It contains no more than 36 atoms, including hydrogens.
It has no radical electrons.
RDKit does not produce any sanitization errors while processing it.
It can be parametrized with the OpenFF 2.0.0 force field.
A total of 10,584 molecules satisfied these requirements. For each one, a single PDB structure containing the ligand was selected. Every amino acid within 4 Å of the ligand was identified. Each amino acid was capped with ACE and NME groups. A conformation was generated by energy minimizing the ligand and a single amino acid together while applying harmonic restraints with force constant 1000 kJ/mol/nm2 to all heavy atoms in the ligand and amino acid. This produced a total of 194,174 conformations.
Solvated PubChem Molecules
This subset is designed to sample non-covalent ligand-water interactions. 1397 PubChem molecules were simulated in a 2.2 nm cubic box of water at 300K for 200 ps using the OpenFF 2.0.0 force field and TIP3P-FB17 water model. A conformation was saved every 20 ps consisting of the PubChem molecule and the 20 water molecules closest to it.
Water Clusters
To further improve the sampling of interactions in bulk water, 1000 conformations each consisting of 30 water molecules were generated. A 2 nm box of AMOEBA18 water molecules was simulated at 300K for 10 ns. Every 10 ps, the 30 water molecules closest to the center of the box were saved as a conformation.
Rerun Calculations from SPICE 1
A small fraction of the DFT calculations run for version 1 of SPICE were found to be poorly converged due to a bug in the version of Psi4 used to perform them. This led to inaccurate energies and very large forces. When creating the previous release, we excluded these calculations by applying a filter based on force magnitude. These calculations have been rerun as part of version 2, allowing them to be included.
Summary of SPICE 2 contents
In total SPICE 2 contains 2 million conformations. The content is summarized in Table 1. All calculations used the ωB97M-D3(BJ) DFT functional19,20 and def2-TZVPPD basis set.21,22 They were run with Psi423 version 1.8.1 or 1.8.2. The workflow for running calculations was managed with QCArchive.24
Table 1.
The overall content of the SPICE 2 dataset. Rows correspond to the subsets that make it up. Columns indicate 1) the number of distinct molecules or clusters in the subset, 2) the total number of conformations, 3) the minimum and maximum number of atoms of the molecules or clusters it contains, and 4) the list of elements found in the molecules it contains.

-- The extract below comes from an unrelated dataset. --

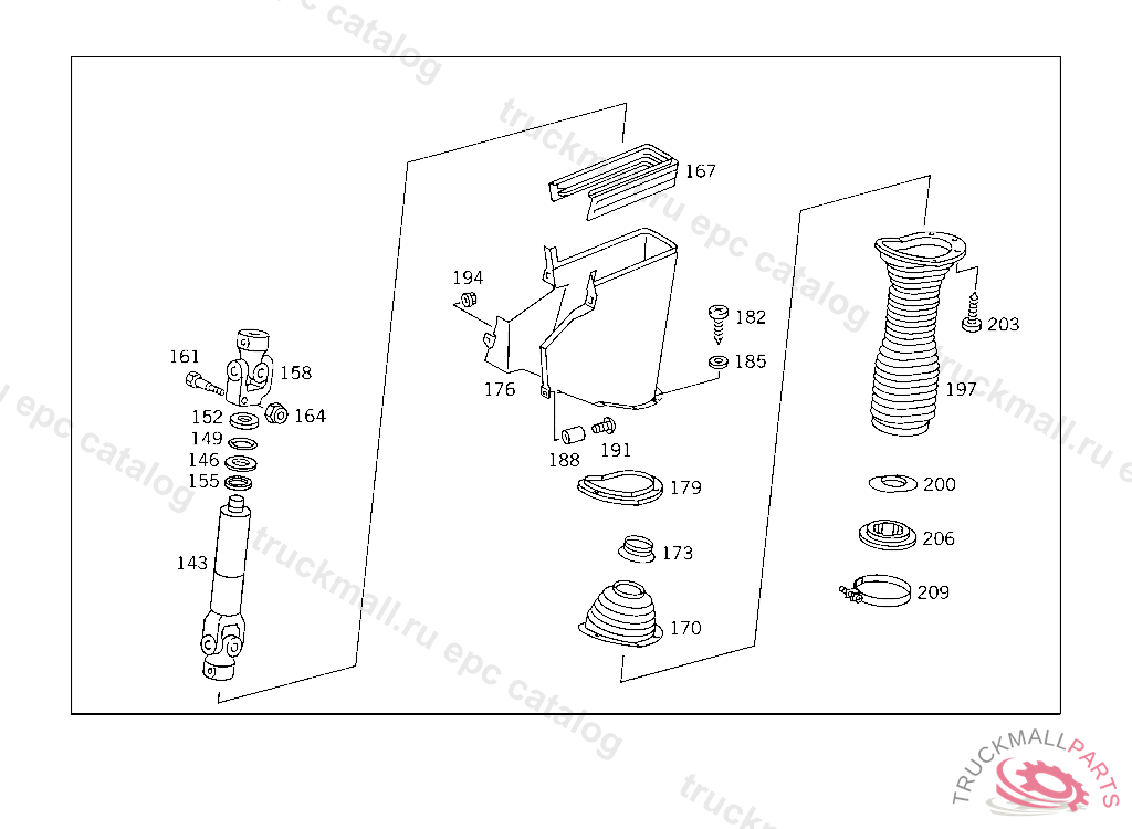 STEERING SHAFTLEMFOERDER, USED WITH SHORT MERCEDES-BENZ CAB

| Subset | Molecules | Conformations | Atoms | Elements | 
|---|---|---|---|---|
| Dipeptides | 677 | 33,850 | 26–60 | H, C, N, O, S | 
| Solvated Amino Acids | 26 | 1300 | 79–96 | H, C, N, O, S | 
| DES370K Dimers | 3490 | 345,676 | 2–34 | H, Li, C, N, O, F, Na, Mg, P, S, Cl, K, Ca, Br, I | 
| DES370K Monomers | 374 | 18,700 | 3–22 | H, C, N, O, F, P, S, Cl, Br, I | 
| PubChem | 28,039 | 1,398,566 | 3–50 | H, B, C, N, O, F, Si, P, S, Cl, Br, I | 
| Solvated PubChem | 1397 | 13,934 | 63–110 | H, C, N, O, F, P, S, Cl, Br, I | 
| Amino Acid Ligand Pairs | 79,967 | 194,174 | 24–72 | H, C, N, O, F, P, S, Cl, Br, I | 
| Ion Pairs | 28 | 1426 | 2 | Li, F, Na, Cl, K, Br, I | 
| Water Clusters | 1 | 1000 | 90 | H, O | 
| Total | 113,999 | 2,008,628 | 2–110 | H, Li, B, C, N, O, F, Na, Mg, Si, P, S, Cl, K, Ca, Br, I | 
Models
A set of machine learning potentials was trained on the SPICE 2 dataset. The goal of the models is to simulate molecules that cover the full range of the training data: drug-like small molecules and peptides, including charged and polar molecules, in all conformations likely to be encountered in a room temperature molecular dynamics simulation. They are not intended to simulate chemical reactions. The SPICE dataset does not include conformations with partially formed bonds, and a model trained on it is unlikely to provide a realistic description of the process of forming or breaking bonds.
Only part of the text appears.